Recently, the United States Supreme Court clarified the standard under which a plaintiff can proceed with a claim for a discriminatory job transfer under Title VII of the Civil Rights Act of 1964 (“Title VII”), holding that a plaintiff need only show that the job transfer brought about “some” harm with respect to a term or condition of employment. That harm, however, need not be significant in order for the lawsuit to proceed.
In the case at issue before the Supreme Court, the plaintiff, Sergeant Jatonya Clayborn Muldrow, worked as a plainclothes officer in the Intelligence Division of the St. Louis Police Department from 2008 through 2017 until she was reassigned to a uniformed job elsewhere in the Department and replaced with a male officer. Although Muldrow’s rank and pay remained the same, her responsibilities, perks, and schedule did not. Muldrow no longer worked with the high-ranking officials in the Department’s Intelligence Division—instead supervising the day-to-day activities of neighborhood patrol officers—and she lost access to an unmarked take-home vehicle and had a less regular schedule involving weekend shifts. Muldrow brought suit under Title VII, challenging the transfer as a discriminatory action based on her sex.
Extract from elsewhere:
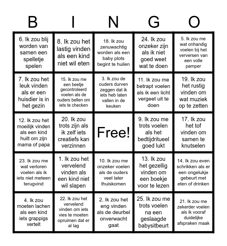 This bingo card has a free space and 25 words: 1. Ik zou het vervelend vinden als een kind niet wil slapen, 2. Ik zou het eng vinden als de deurbel onverwacht gaat, 3. Ik zou de ouders durven zeggen dat ik iets heb laten vallen in de keuken, 4. Ik zou moeten lachen als een kind iets grappigs vertelt, 5. Ik zou me wat onhandig voelen bij het verversen van een volle pamper, 6. Ik zou blij worden van samen een spelletje spelen, 7. Ik zou het leuk vinden als er een huisdier is in het gezin, 8. Ik zou het lastig vinden als een kind niet wil eten, 9. Ik zou me trots voelen als het bedtijdritueel goed lukt, 10. Ik zou me onzeker voelen als de ouders veel later thuiskomen, 11. Ik zou me betrapt voelen als ik een licht vergeet uit te doen, 12. Ik zou het moeilijk vinden als een kind huilt om zijn mama of papa, 13. Ik zou het gezellig vinden om een boekje voor te lezen, 14. Ik zou even schrikken als er een ongelukje gebeurt met eten of drinken, 15. Ik zou me een beetje gecontroleerd voelen als de ouders bellen om iets te checken, 16. Ik zou twijfelen als een kind vraagt om op de tablet te mogen, 17. Ik zou het tof vinden om samen te knutselen, 18. Ik zou zenuwachtig worden als een baby plots begint te huilen, 19. Ik zou het rustig vinden om wat muziek op te zetten, 20. Ik zou trots zijn als ik zelf iets creatiefs kan verzinnen, 21. Ik zou me zekerder voelen als ik vooraf duidelijke afspraken maak, 22. Ik zou het vervelend vinden om iets vies te moeten opruimen dat er al lag, 23. Ik zou me wat verloren voelen als ik iets niet meteen terugvind, 24. Ik zou onzeker zijn als ik niet goed weet wat te doen and 25. Ik zou me trots voelen na een geslaagde babysitbeurt.

The Supreme Court held that, to make out a Title VII discrimination claim, a transferee must show some harm with respect to an identifiable term or condition of employment, but what the transferee does not have to show is that the harm incurred was “significant” or otherwise exceeded some heightened bar.
The Court’s ruling reaffirms that job transfers that – even arguably – lower the terms and conditions of an employee’s work environment (as subjective as that standard may be) could be the basis of a discrimination claim. Employers making employment decisions should always be mindful that it’s not just termination but other employment actions that expose them to an employment lawsuit as well.